What to produce: Where the line containing "ブラック チュールレース ストール・251019" appears, begin retyping; continue exactly through the final line of the data. Omit every picture.

Source data:
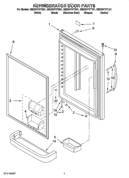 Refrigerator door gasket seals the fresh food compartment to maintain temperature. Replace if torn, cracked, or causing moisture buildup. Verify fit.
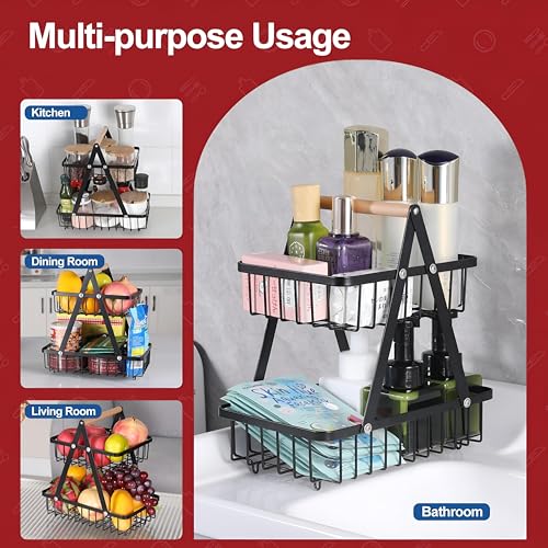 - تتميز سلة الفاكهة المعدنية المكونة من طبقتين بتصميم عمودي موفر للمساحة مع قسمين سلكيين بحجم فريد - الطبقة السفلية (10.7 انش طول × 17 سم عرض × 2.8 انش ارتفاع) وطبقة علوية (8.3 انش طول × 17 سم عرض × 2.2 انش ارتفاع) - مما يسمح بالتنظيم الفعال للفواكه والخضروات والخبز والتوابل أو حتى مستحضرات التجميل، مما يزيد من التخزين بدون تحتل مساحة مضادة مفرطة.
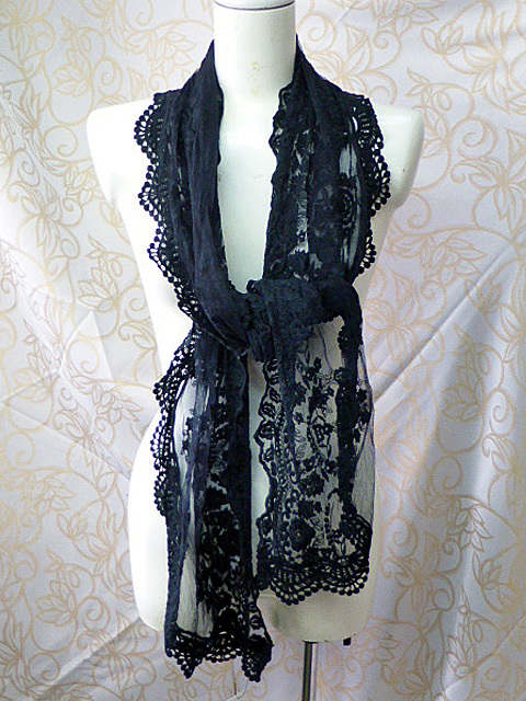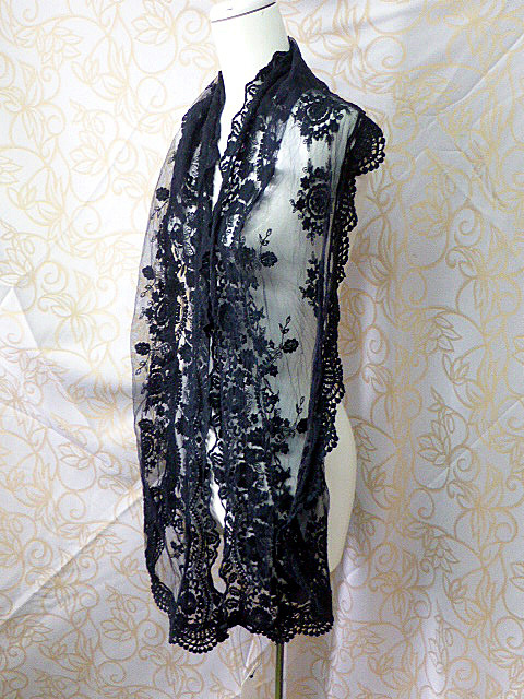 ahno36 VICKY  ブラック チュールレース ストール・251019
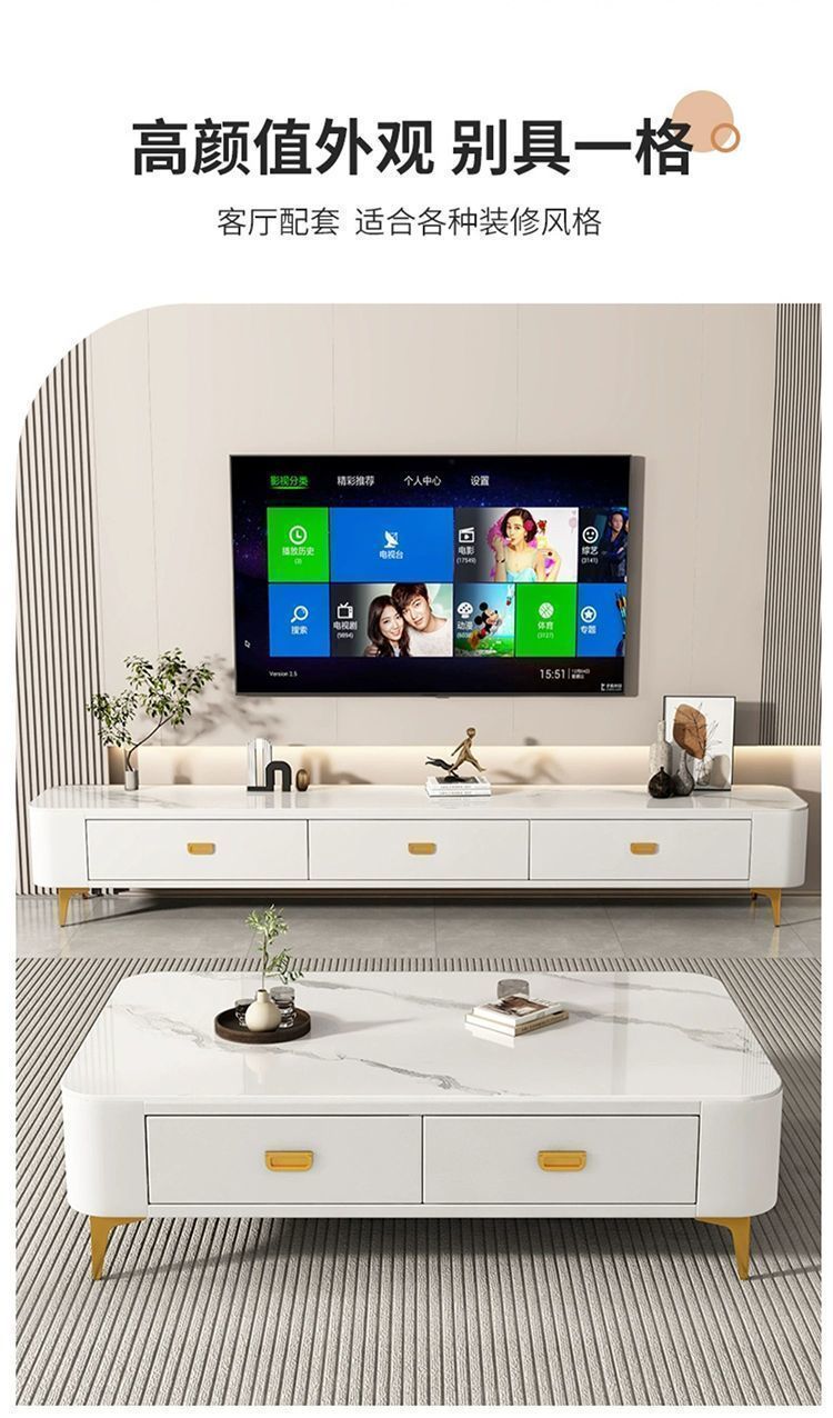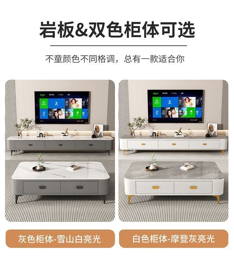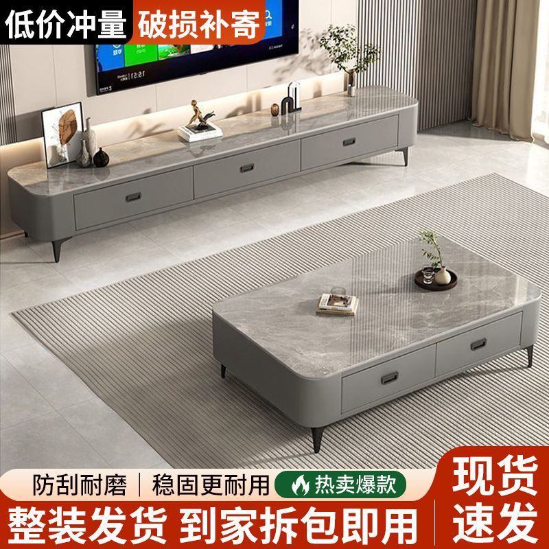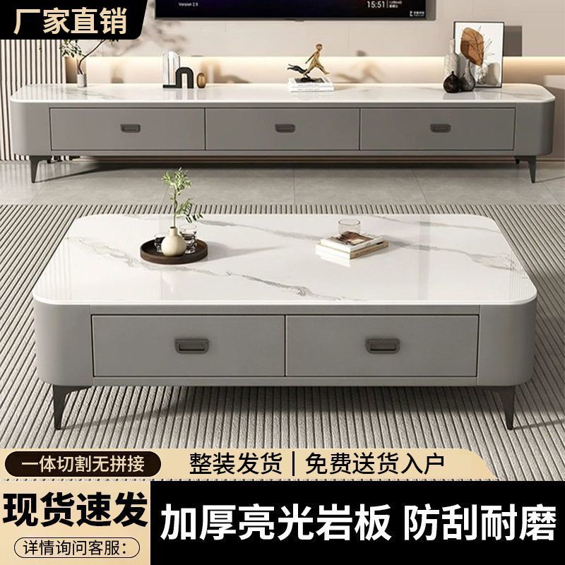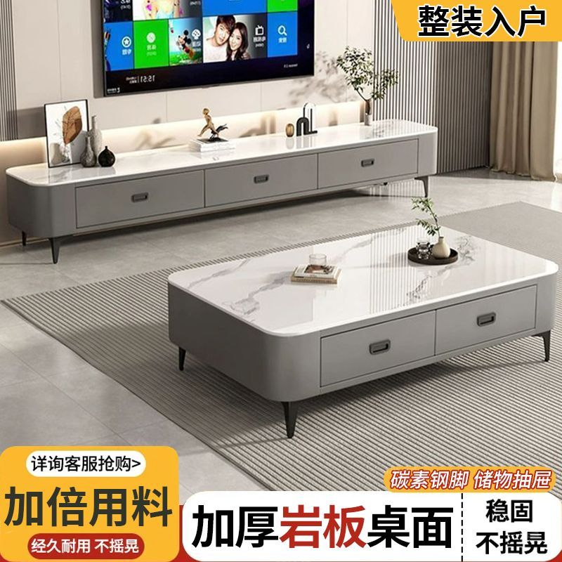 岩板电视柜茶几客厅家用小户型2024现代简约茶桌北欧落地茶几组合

Result of the exercise:
 ahno36 VICKY  ブラック チュールレース ストール・251019
 岩板电视柜茶几客厅家用小户型2024现代简约茶桌北欧落地茶几组合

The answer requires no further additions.